### Records to use
○ ○ ○
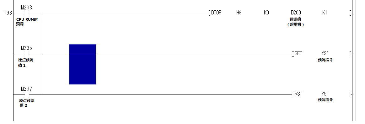 第一段當前面條件滿足的時候Y91最後的結果是OFF的, 但是第二段前面條件滿足時Y91是ON的。
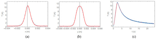 Experimental (blue symbols) (a) T(x,0,0,τ), (b) T(0,y,0,0,τ), and (c) T(0,0,0,t) obtained with a w = h = 2.1 mm Cu film making an angle of φ = 60° with the surface and buried d = 0.4 mm, excited with a τ = 2 s burst. The red solid lines represent the best fittings to Equations (10) and (11).
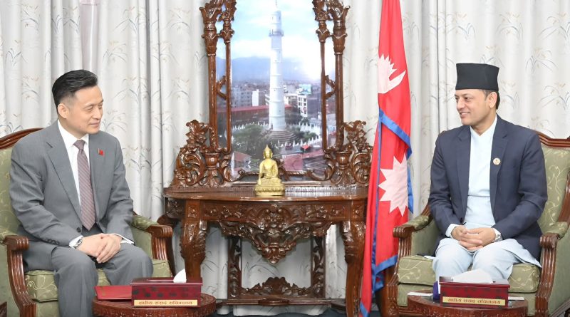 सभामुख डोलप्रसाद अर्याल र नेपालका लागि चिनियाँ राजदूत चाङ माओमिङ बीच शिष्टाचार भेटवार्ता भएको छ। भेटमा द्विपक्षीय सम्बन्ध, संसदीय सहकार्य, विकास साझेदारी तथा क्षेत्रीय र अन्तर्राष्ट्रिय विषयमा विचार आदानप्रदान भएको जनाइएको छ।भेटका क्रममा सभामुख अर्यालले नेपाल–चीन सम्बन्ध ऐतिहासिक, मैत्रीपूर्ण र पञ्चशीलको सिद्धान्तमा आधारित रहेको उल्लेख गर्दै यसलाई अझ सुदृढ बनाउनुपर्नेमा जोड दिएका छन्। उनले ‘एक चीन नीति’प्रति नेपालको पूर्ण प्रतिबद्धता दोहोर्याउँदै नेपालको भूमि चीनविरुद्ध प्रयोग हुन नदिने स्पष्ट पारे।
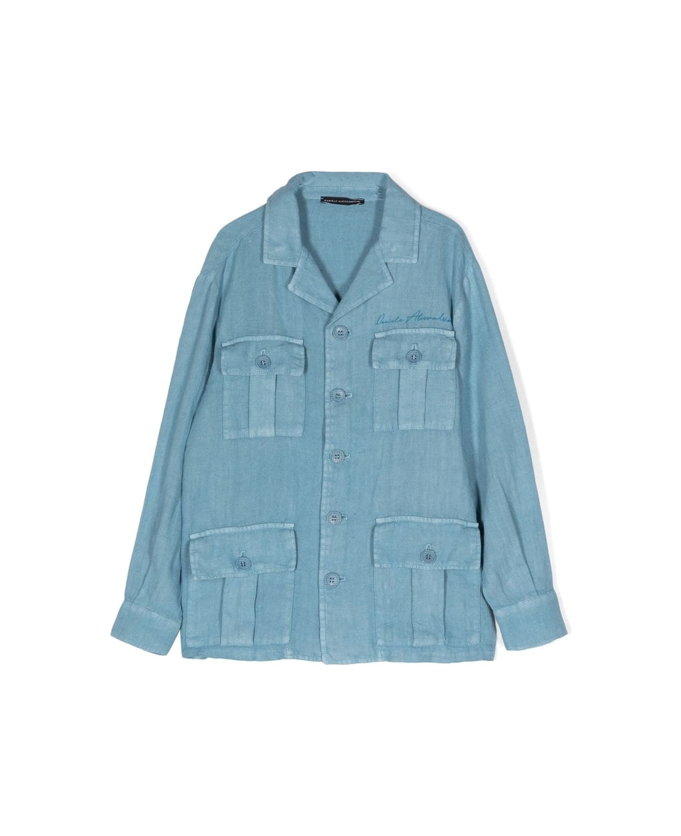 Light blue, linen/linen fiber, embroidered logo on chest, notch lapels, long sleeves, front button fastening, cargo pockets and straight hem. CONSCIOUS: this article contains at least 50% low impact materials, certified or widely recognized as having a low environmental impact. Origin: Italy Composition 100% linen
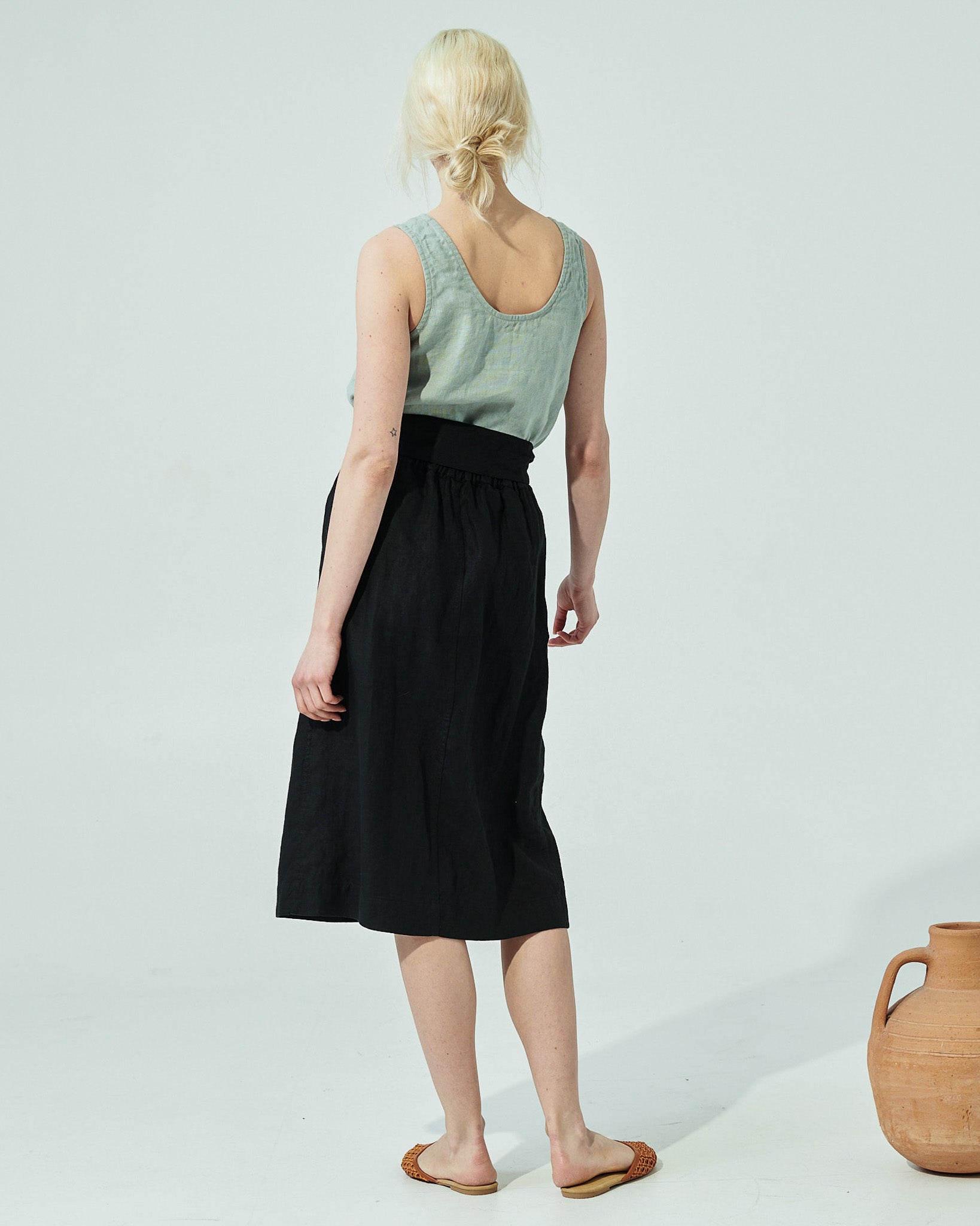 • Model is size S and wears a skirt in deepest black, paired with Porto tank top in succulent green.
○ ○ ○
### Required work
All entries above are to be restated exactly, with every image omitted.

### Exercise solution
 第一段當前面條件滿足的時候Y91最後的結果是OFF的, 但是第二段前面條件滿足時Y91是ON的。
 Experimental (blue symbols) (a) T(x,0,0,τ), (b) T(0,y,0,0,τ), and (c) T(0,0,0,t) obtained with a w = h = 2.1 mm Cu film making an angle of φ = 60° with the surface and buried d = 0.4 mm, excited with a τ = 2 s burst. The red solid lines represent the best fittings to Equations (10) and (11).
 सभामुख डोलप्रसाद अर्याल र नेपालका लागि चिनियाँ राजदूत चाङ माओमिङ बीच शिष्टाचार भेटवार्ता भएको छ। भेटमा द्विपक्षीय सम्बन्ध, संसदीय सहकार्य, विकास साझेदारी तथा क्षेत्रीय र अन्तर्राष्ट्रिय विषयमा विचार आदानप्रदान भएको जनाइएको छ।भेटका क्रममा सभामुख अर्यालले नेपाल–चीन सम्बन्ध ऐतिहासिक, मैत्रीपूर्ण र पञ्चशीलको सिद्धान्तमा आधारित रहेको उल्लेख गर्दै यसलाई अझ सुदृढ बनाउनुपर्नेमा जोड दिएका छन्। उनले ‘एक चीन नीति’प्रति नेपालको पूर्ण प्रतिबद्धता दोहोर्याउँदै नेपालको भूमि चीनविरुद्ध प्रयोग हुन नदिने स्पष्ट पारे।
 Light blue, linen/linen fiber, embroidered logo on chest, notch lapels, long sleeves, front button fastening, cargo pockets and straight hem. CONSCIOUS: this article contains at least 50% low impact materials, certified or widely recognized as having a low environmental impact. Origin: Italy Composition 100% linen
 • Model is size S and wears a skirt in deepest black, paired with Porto tank top in succulent green.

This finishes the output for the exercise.